If you like it rough, Pillion is your picnic
Colin (Harry Melling) is a terminally single, awkward, and self-conscious chud. He lives a quiet life with his parents and writes parking tickets for a living. Ray (Alexander Skarsgård) is the chiseled leader of a leather gay biker gang, confidently aloof, and a nighttime wearer of slutty little glasses. Believe it or not, these two are about to become an item. It’s the classic opposites attract premise, with a kinky and not-so-classic twist. Skarsgård calls it a “dom-com.”
Ray catches Colin at a bar after the latter’s barbershop quartet performance, and the pair later meet in a dark alleyway. One blowjob later—along with a close-up of Ray’s tightly leathered fly—Colin becomes the sub to Ray’s dom. He cooks for Ray, buys his groceries, joins Ray’s gang of queer leather bikers, shaves his head, and starts to wear a lock and chain. Ray wears the key and allows Colin to sleep on his bedroom floor, too.
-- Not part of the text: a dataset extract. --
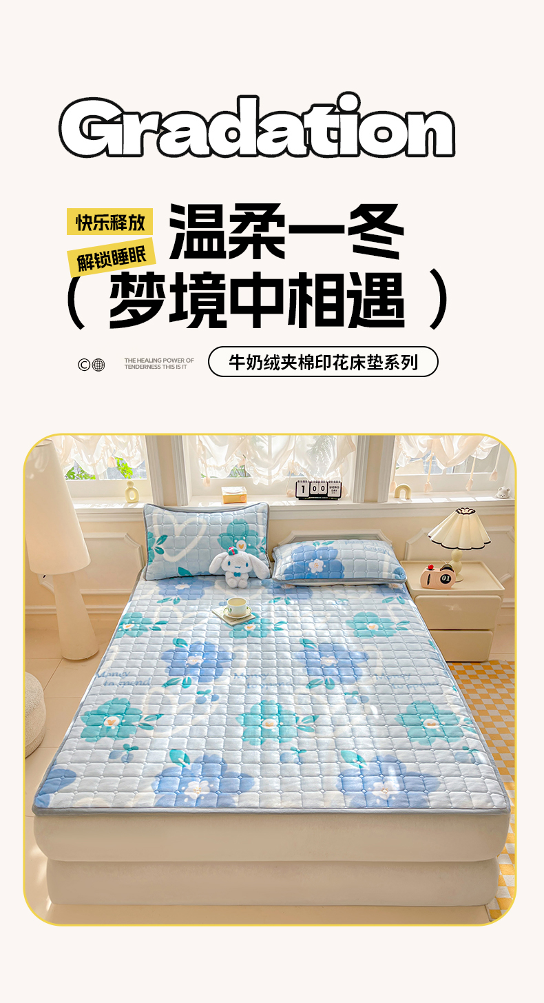 当前位置: 91家纺网 > 商品网购 > 床垫/床褥 > 普通床垫 > 小叮当家纺仓储工厂店 2025新款牛奶绒夹棉印花床垫床护垫大床图 绒床垫-灰色

For Colin, the relationship is more than sexual. Most often, in fact, the only form of intimacy they share is mere proximity.
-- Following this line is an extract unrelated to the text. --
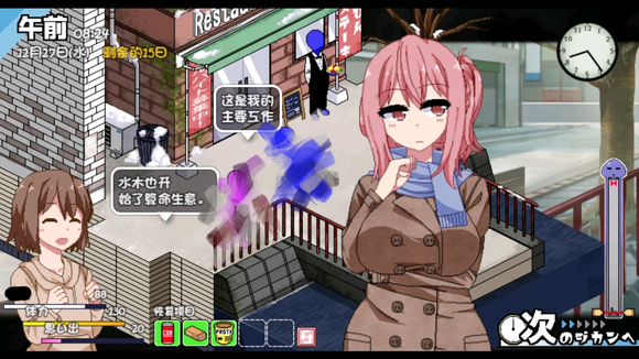 洗碗。好感度20.购买食材。点击彩票旁边的小人即可购买。好感度40触发CG。

Their unorthodox relationship makes Ray’s rare kindnesses—from long shots of Colin’s hands to lingering as he rides pillion on the bike, to missionary sex on a birthday camping trip with the gang—addictingly tender. When we’re as subject to this addiction as Colin is, we’re really made to understand his “aptitude for devotion,” despite how little we know about Ray and what Colin truly wants from Ray (or even for himself).
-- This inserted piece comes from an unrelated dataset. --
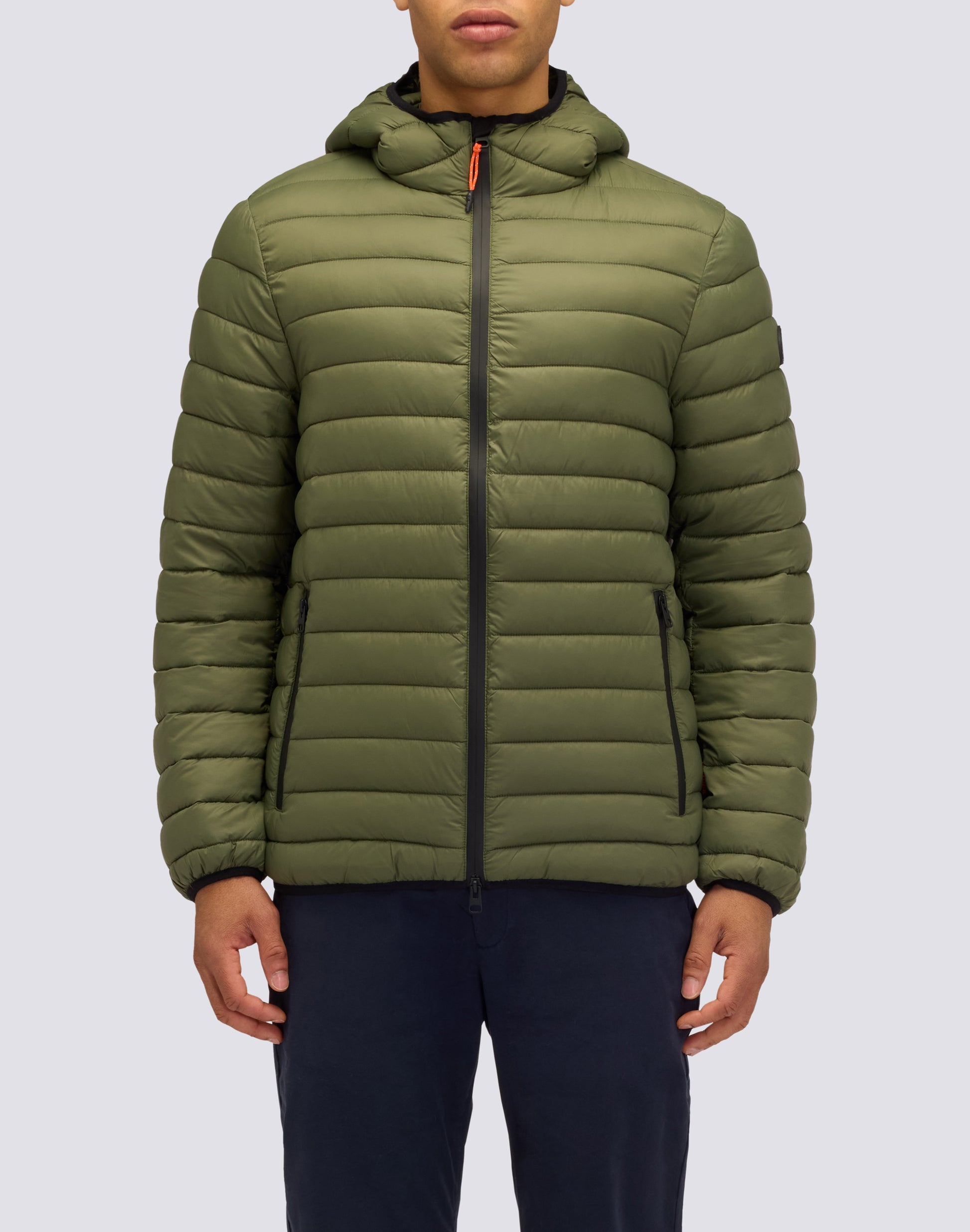 Chaqueta corta para hombre con capucha, confeccionada en tejido de nailon opaco superligero acolchado con canales horizontales y con relleno interior de fibra sintética de poliéster reciclado Repreve. Prenda dotada de numerosos detalles técnicos que la convierten en una chaqueta funcional y práctica. Corte regular, grado de calor medio.

If this were a standard rom-com, Ray might eventually let his guard down and give Colin more equal romantic footing. If this were Kinky Gay Sex: The Movie, it might be more gratuitous, with Colin losing himself entirely to Ray. But Pillion’s biggest strength, with its hard exterior of leather and bikes and bondage, is its reserve and the sensitivity that comes as a result.
One of the pair’s most revealing moments is in the movie’s final act. After asking for—and being refused—a day off from their usual terms, where he and Ray act like the “normal” couple they aren’t, Colin steals Ray’s bike in an act of self-assertion. When he eventually comes back, Ray surprisingly doesn’t punish him but grants him that desired day off.
While its entire course of events is indulgently, dreamily unlikely, Pillion leaves out the theatrics. This disciplined restraint shines in giving us a story that isn’t about meeting desire as much as it is about coming to terms with what desire could look like.
It’s a compelling vision of kink, and the possibilities that emerge between people in its subcultures.
For everything Colin endures in the life of a chud, he’s hardly ever humiliated. For the control he seems to lose as Ray’s sub, he doesn’t lose who he is. Really, it’s the opposite.